Southampton Oceanography Centre

Empress Dock, Southampton SO14 3ZH

 

and

 

Shiro Imawaki

Kyushu University

Kasaga, Fukuoka 816-8580

 

April 1999

 

Submitted as Chapter 6.1 of Ocean Circulation and Climate edited by Gerold Siedler and John Church

 

Abstract

A fundamental issue in the global climate system is the relative amounts of heat carried by the oceans and the atmosphere to balance the global heat budget in which radiational heating from the sun occurs predominantly in tropical regions while radiational cooling back to space occurs more uniformly over the globe. Progress in estimating ocean heat flux by three methods is reviewed.

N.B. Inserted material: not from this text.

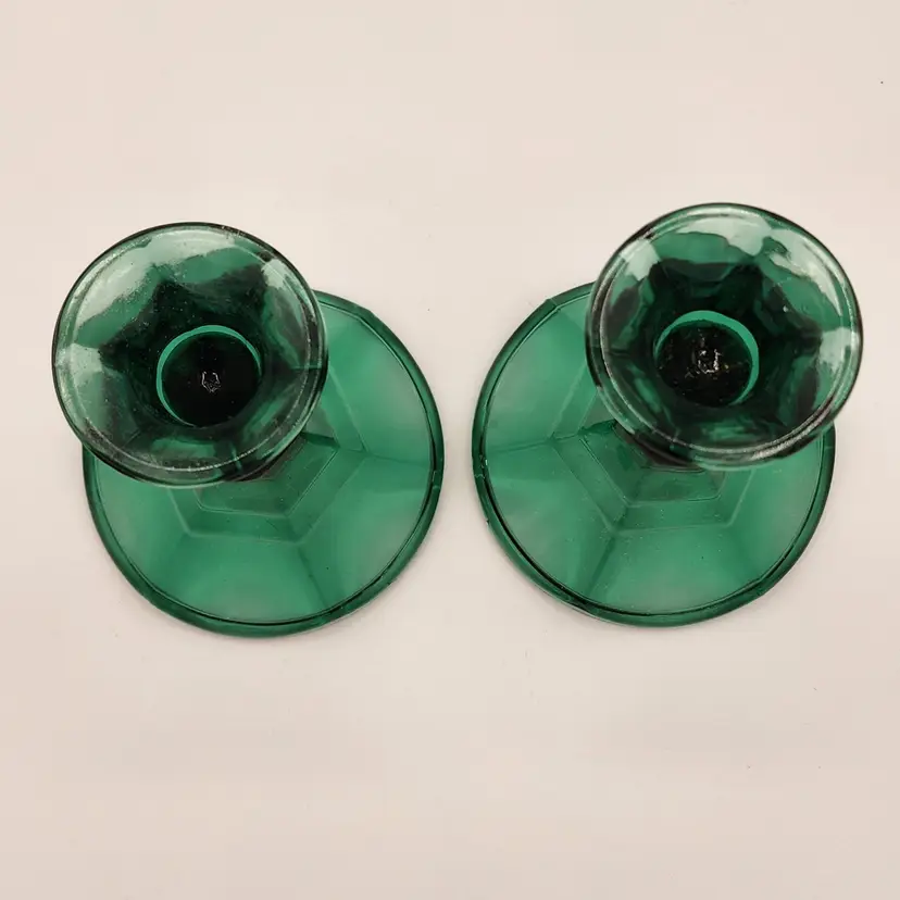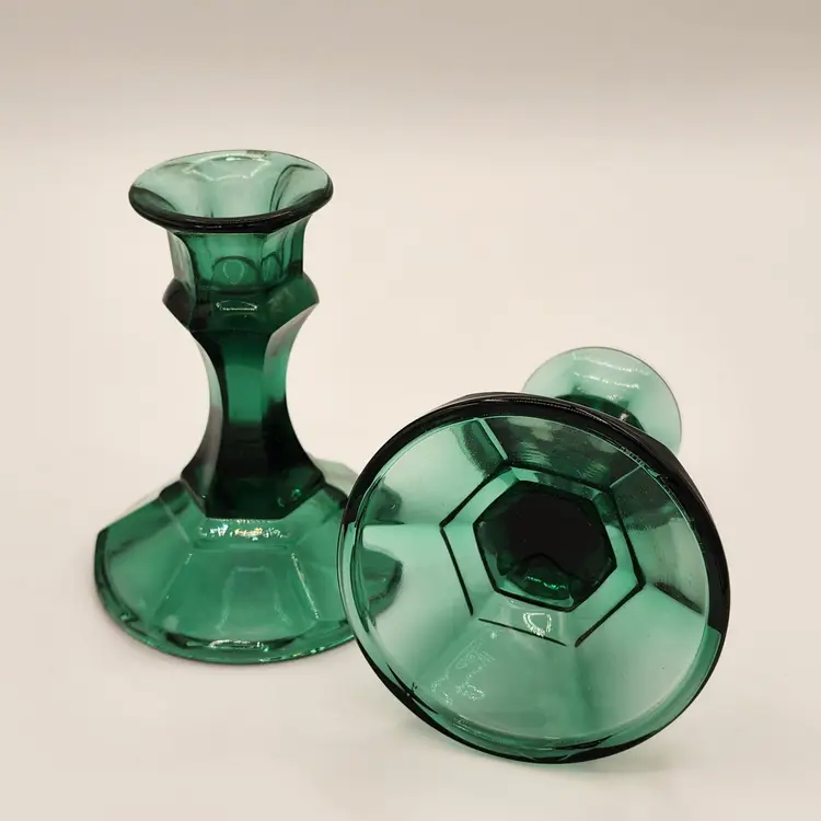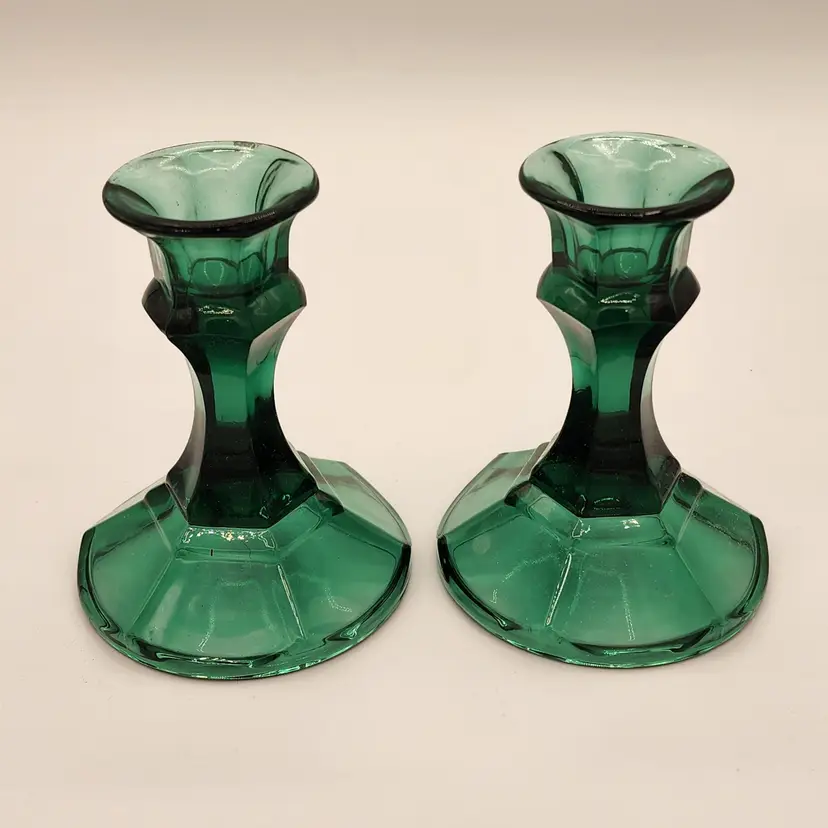 Indiana Glass Teal Green Glass Taper Candlesticks – for the pair. Excellent used condition. No chips or cracks. Color matches the teal green goblets in my listings on NikNax

The residual method subtracts atmospheric energy transport from the radiation budget requirement for total ocean plus atmosphere energy transport to determine ocean heat transport as a residual. Previously this method was applied to zonal averages. New studies have derived spatial patterns of atmosphere-surface heat flux by subtracting atmospheric energy flux divergence from the net radiation at the top of the atmosphere. Such patterns exhibit substantial and unrealistic annually averaged heat fluxes over the land but the patterns of heat flux over the oceans appear realistic. Masking the land to consider only these air-sea heat fluxes yields ocean heat transports in broad agreement with existing direct estimates of ocean heat transport. Dipole patterns of heat gain and heat loss over land topography, however, suggest that refinements in atmospheric energy transport are still needed.

The bulk formula method for determining air-sea heat exchange from marine observations has been used to produce several new global air-sea flux climatologies. Depressingly, each exhibits an overall global imbalance such that on average the ocean gains heat at a rate of 30 to 50 W m-2. There is evidence that spatially uniform corrections are not appropriate. Refinement of the air-sea fluxes will require accurate area-averaged estimates of ocean heat flux divergence over a variety of oceanic regions and additional buoy measurements of air-sea heat exchange in inhospitable subpolar and polar regions.

Making direct estimates of ocean heat transport from transoceanic sections in each ocean basin was a primary objective in designing the World Ocean Circulation Experiment (WOCE) field programme. While many zonal hydrographic sections were taken during WOCE, there are only a few published estimates of heat transport from WOCE sections to date. Most of the recent estimates are for the Atlantic Ocean, for which there is general agreement that there is northward ocean heat transport at all latitudes. There is also general understanding that this northward heat transport is associated with the thermohaline circulation in which North Atlantic Deep Water is formed in the polar and subpolar North Atlantic and subsequently flows southward throughout the Atlantic. For the Pacific and Indian oceans, analyses of pre-WOCE transoceanic sections have concentrated on estimating the heat fluxes across the southern boundary at approximately 30°S. There is general confusion in that there appears to be only a small poleward heat transport across 30°S out of the Pacific Ocean and the estimates of poleward heat transport across 30°S in the Indian Ocean range from 0.4 to 1.3 PW. Uncertainty in the size of the Indonesian Throughflow clouds the determination of ocean heat transports across 30°S in the Indian and Pacific Oceans.

A variety of new measurements were made during WOCE with the aim of providing accurate reference velocities for geostrophic calculations. Such new measurements include satellite altimeter measurements of sea surface height, direct current measurements by underway and lowered acoustic Doppler current (ADCP) profilers, by surface drifters and subsurface floats, and a variety of geochemical tracer measurements. Because experience suggests that measurements of western boundary currents provide the strongest constraints to estimates of ocean heat transport, careful analysis of WOCE observations of shallow and deep boundary currents in the Pacific, Indian and Atlantic Oceans likely holds the key to direct determinations of ocean heat transport in each ocean basin and the subsequent understanding of the role of the oceans in maintaining the global heat balance.